Interview with David Mann

How would you describe Corleone: The Shakespearean Godfather?

The play is a mashup of Shakespeare and the Godfather. It’s got equal parts of each. I didn’t want to do a straight transfer of the movie script into iambic pentameter, since I felt there was richer territory to be explored by incorporating iconic Shakespearean conceits into the narrative. So there are purely Shakespearean moments in the play that work in both worlds, and there are just as many dramatic moments as there are comic ones. I wanted the audience to feel that they were watching an actual Shakespeare play that happens to be about organized crime. It’s also a uniquely live experience – it’s written to be done by a relatively small group of actors with a lean, muscular performance style. The show rides the line between parody and homage – to both The Godfather and Shakespeare – and creates a new audience experience of both sources.

Does someone need to have seen The Godfather to enjoy this play?

Not at all. It’s obviously more fun if the audience knows The Godfather movies well, but the play stands on its own. I kept the plot points clear so audiences could relax and just enjoy it. I figured even if people had seen the movie it’s probably been a few years, so a little reminder here and there wouldn’t hurt. And it’s extra fun if the audience knows Shakespeare. There are just as many references to his plays as to The Godfather (Hamlet, Romeo & Juliet, Richard III, As You Like It, Julius Caesar…just to name a few), so hopefully its fun to watch how those references are played too.

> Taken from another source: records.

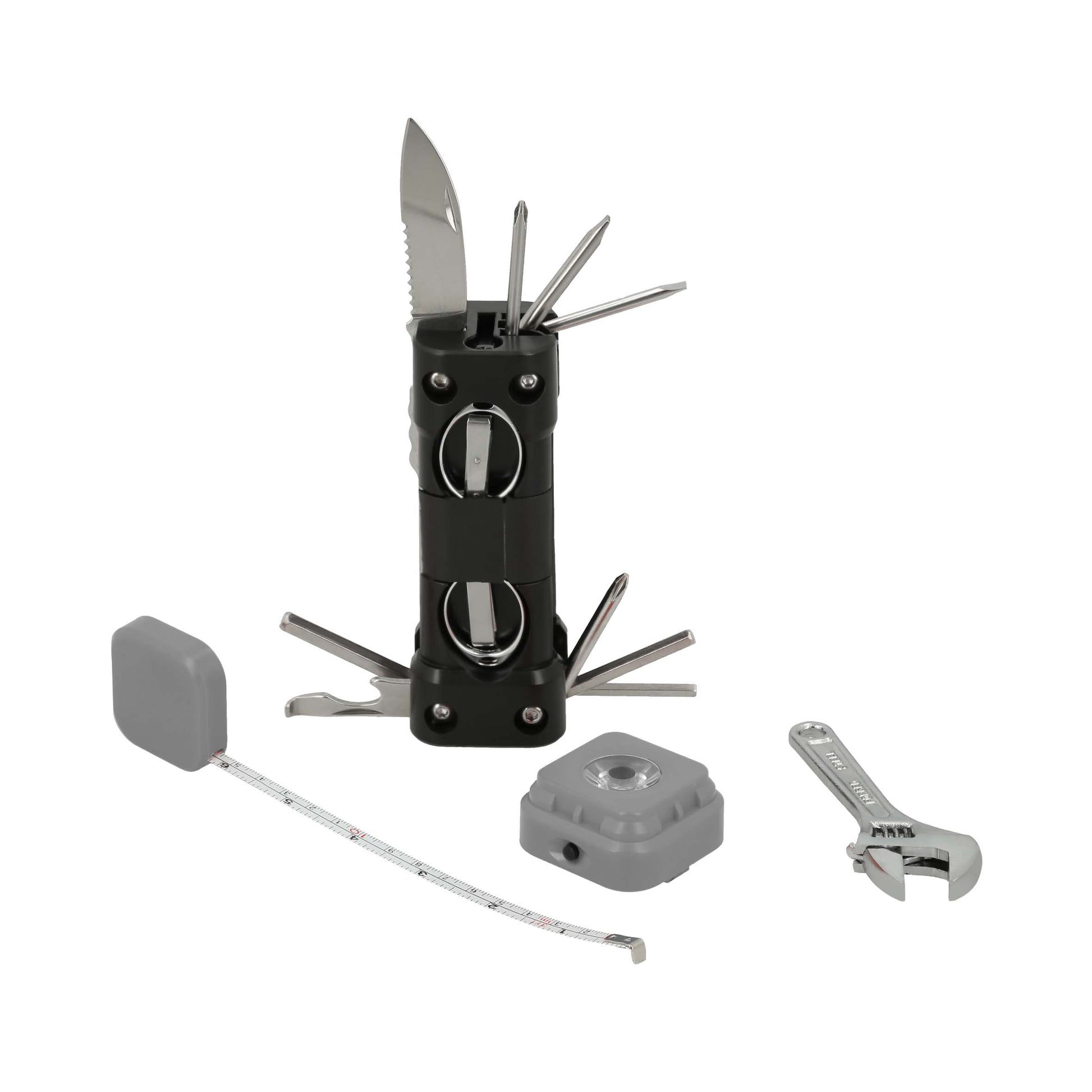 multi herramienta 13 en 1, cuerpo de plástico con lámpara y flexómetro. utiliza 3 baterías lr44 (no incluidas)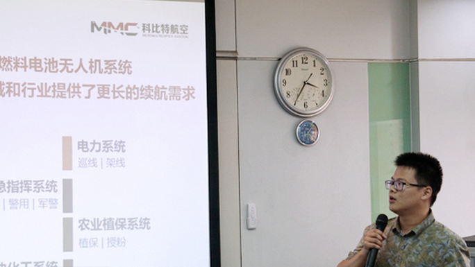 圖為深圳市科比特航空科技有限公司燃料電池系統(tǒng)工程師朱陳奕作主題發(fā)言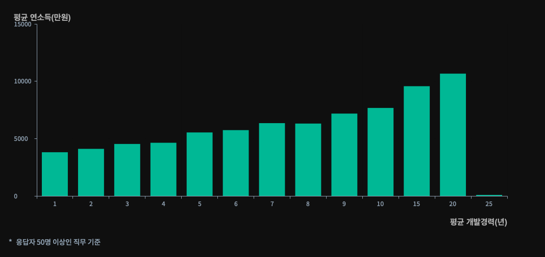 개발자들의 연봉은 1년 차에는 평균 3,736만 원 정도이며 10년 차가 되면 평균 7,814만 원을 받는다고 하는데요. 경력 개발자 기준 통계로 프론트엔드 엔지니어는 평균 4,307만 원, 서버/백엔드 엔지니어는 평균 4,803만 원을 수령해 백엔드 개발자가 프론트엔드 개발자에 비해 평균 11.5% 높은 편입니다.
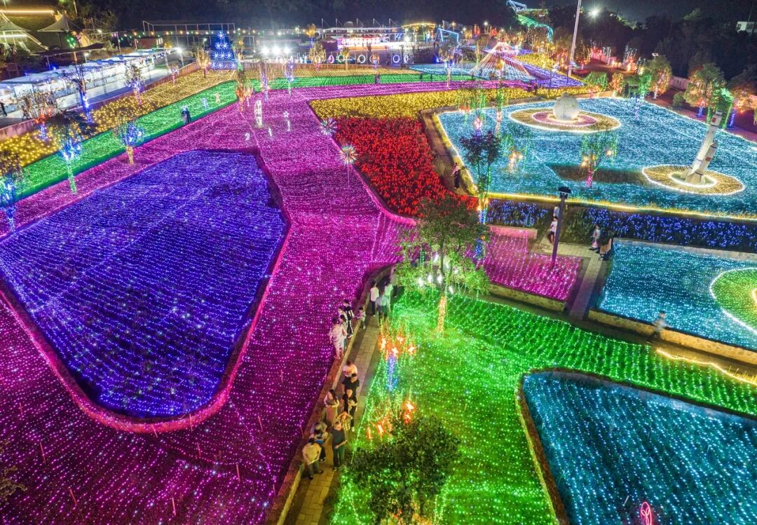 除了西游记人物表演和灯海,园区内还有汉服花车巡游、萌宠乐园、风车“时光隧道”等精彩项目。
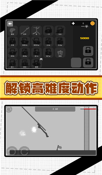 2、解锁炫酷拉风的全新火柴人角色与强力技能,成就火柴人俱乐部里备受瞩目的明星闯关者。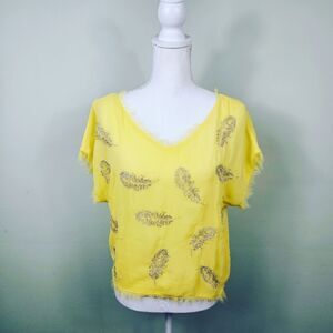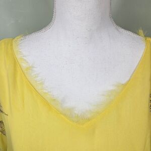 Anthropologie Greylin Feather Motif Blouse. Yellow XS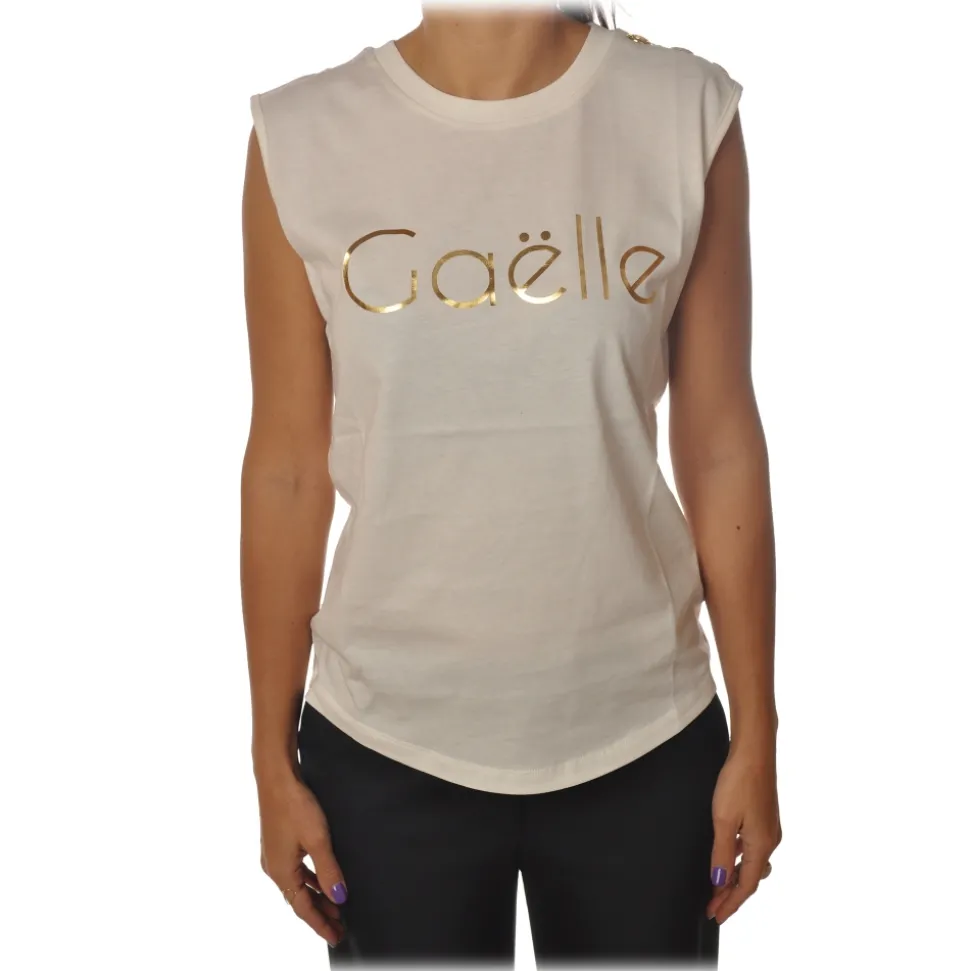Gaëlle Paris – Sleeveless Crew-Neck Sweatshirt – White – T-Shirt – Made in Italy – Luxury Exclusive Collection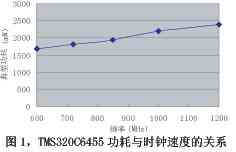 其中,Cpd为动态电容,F为开关频率,Vcc为电源电压。上述关系中包含两个重要概念:动态功耗与开关频率呈线性关系,与电源电压呈二次关系。图1列出了TMS320C6455在不同工作频率下的典型功耗。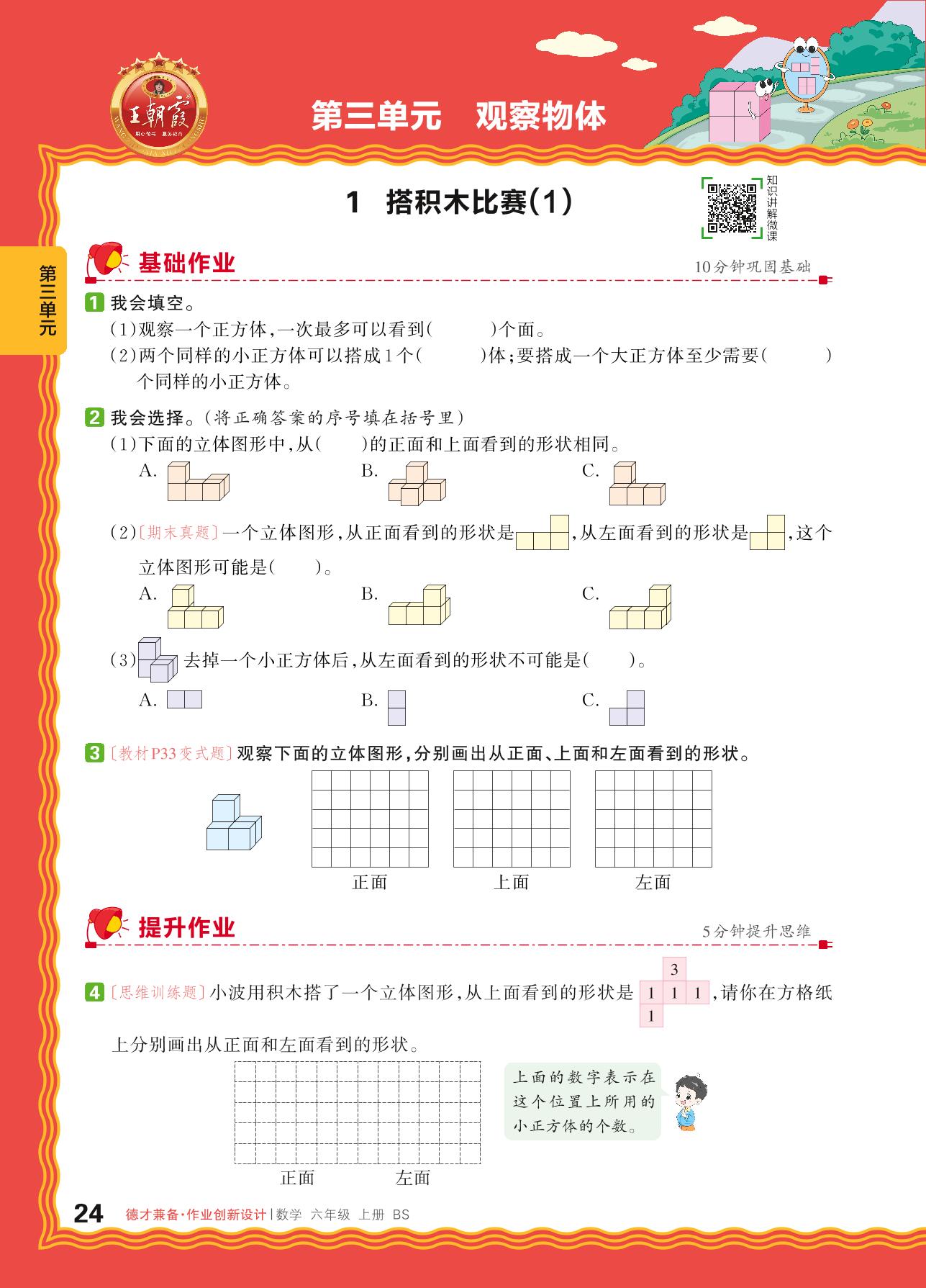 2024秋上册六年级数学北师版 第三单元 观察物体——1. 搭积木比赛(1)

What do you think of Classic Chic’s choice to cast all the roles with female actors? How does this change the experience of the play, if at all?

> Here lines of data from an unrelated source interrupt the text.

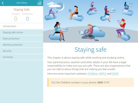 Designed to increase knowledge of e-safety and develop skills for working with online resources, each section guides users through the merits and pitfalls of using the internet, offering advice on how to protect against potential threats. Topics include: critical thinking and working, identity and data protection, social networks, cyber bullying, and netiquette.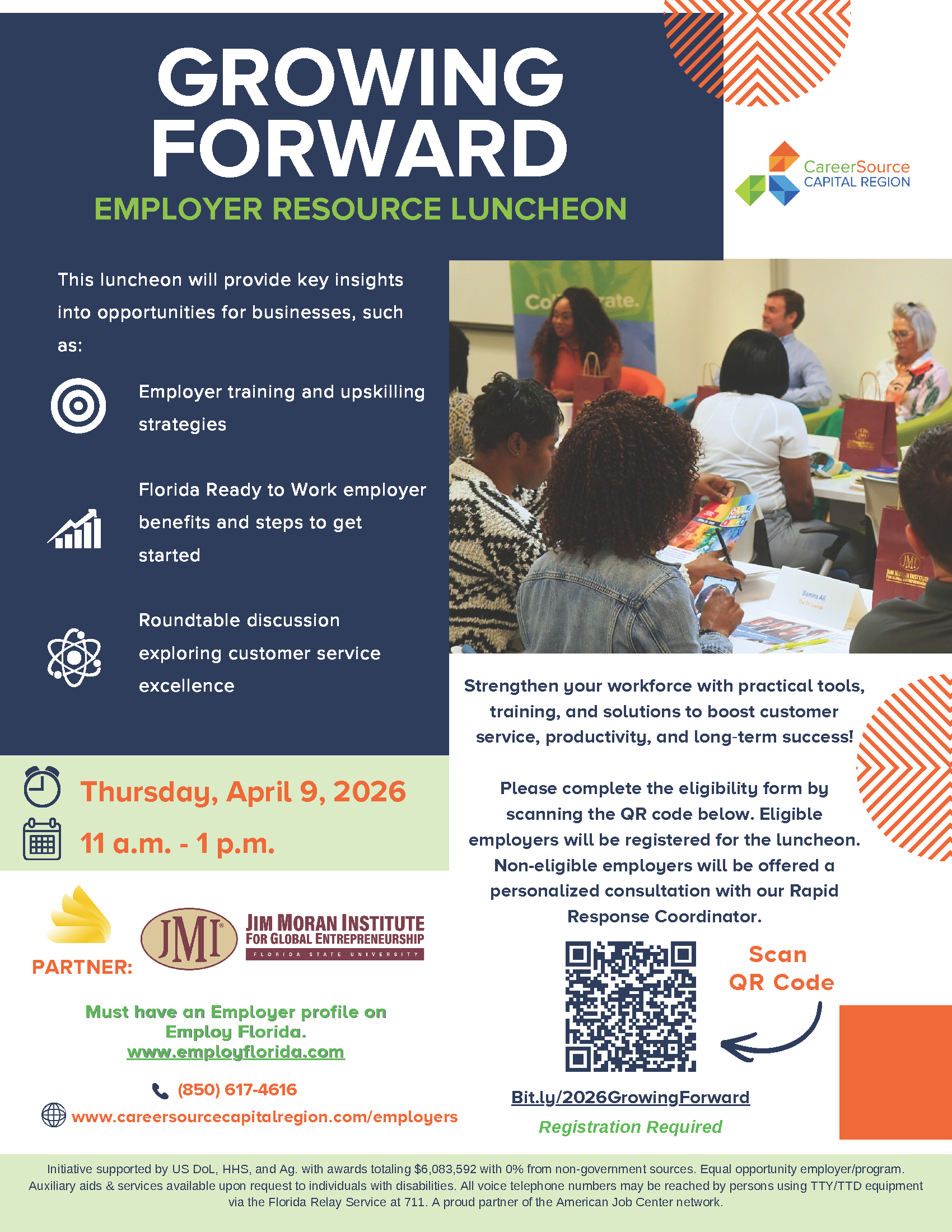 Join CareerSource Capital Region for the Growing Forward Employer Resource Luncheon!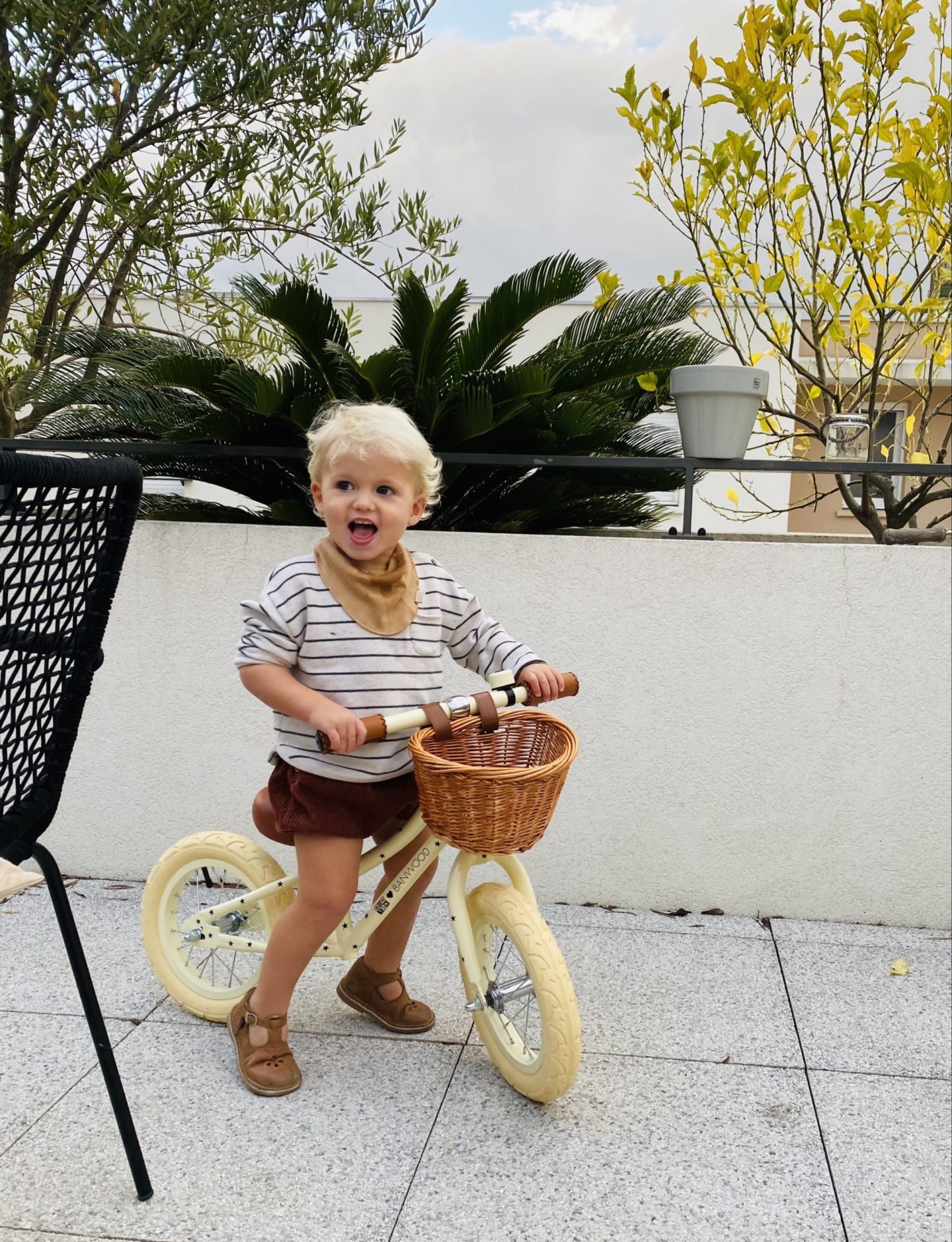 Pour commencer, Jules a eu une draisienne, quasiment la même que sa soeur, et il en est fan ! Il est très orienté motricité, il avait déjà un petit vélo à 4 roues depuis l’âge d’un an, il fait de la trottinette depuis ses 15 mois et il avait hâte d’avoir les pieds qui touchent par terre sur une draisienne. C’est donc l’édition Bonton de la Banwood, beige avec des petites étoiles noires, et évidemment le petit panier à l’avant pour ranger le doudou !

It’s always illuminating when Shakespeare is cast against gender, since it directs the audience’s attention to the universality of human experience. The same can be said of Classic Chic’s casting of Corleone. The story takes place in a heavily male-dominated world where women are relegated to the background. By casting all women, that balance is upset. We’re invited to see power (and its potential corruption) as something both men and women can wield with equal strength. If there’s anything that fundamentally changes with the all-female casting, it could be that we’re even more aware of how female characters are treated in the original Godfather story. I’m looking forward to seeing what the response is. I expect it to be quite positive!

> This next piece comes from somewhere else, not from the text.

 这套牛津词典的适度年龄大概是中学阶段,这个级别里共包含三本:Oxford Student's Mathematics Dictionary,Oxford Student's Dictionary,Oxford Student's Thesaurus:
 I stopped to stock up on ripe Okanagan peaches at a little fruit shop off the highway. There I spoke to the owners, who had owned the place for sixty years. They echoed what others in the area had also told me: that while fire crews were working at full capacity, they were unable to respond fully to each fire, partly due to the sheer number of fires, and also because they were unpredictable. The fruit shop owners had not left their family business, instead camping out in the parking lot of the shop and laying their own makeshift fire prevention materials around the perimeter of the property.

What is your favourite thing about this play? (A moment, line, character, whatever.)

This may seem like too general an answer, but my favourite thing about this play is that it exists at all. I wrote one segment of the Godfather story in Shakespeare’s style as part of a Fringe Festival fundraiser in Minnesota in 2005. It was just a small piece, intended as nothing more than a silly sketch for one night. But afterward, everyone kept saying I should write the whole thing and do it as a Fringe show. So I did, and it went very well when we performed it that summer. After that run I was asked repeatedly to build the show out into a full-length show, which I did in 2009. It was difficult but rewarding to write, and I’m thrilled the show has had such a healthy life after that initial sketch in 2005.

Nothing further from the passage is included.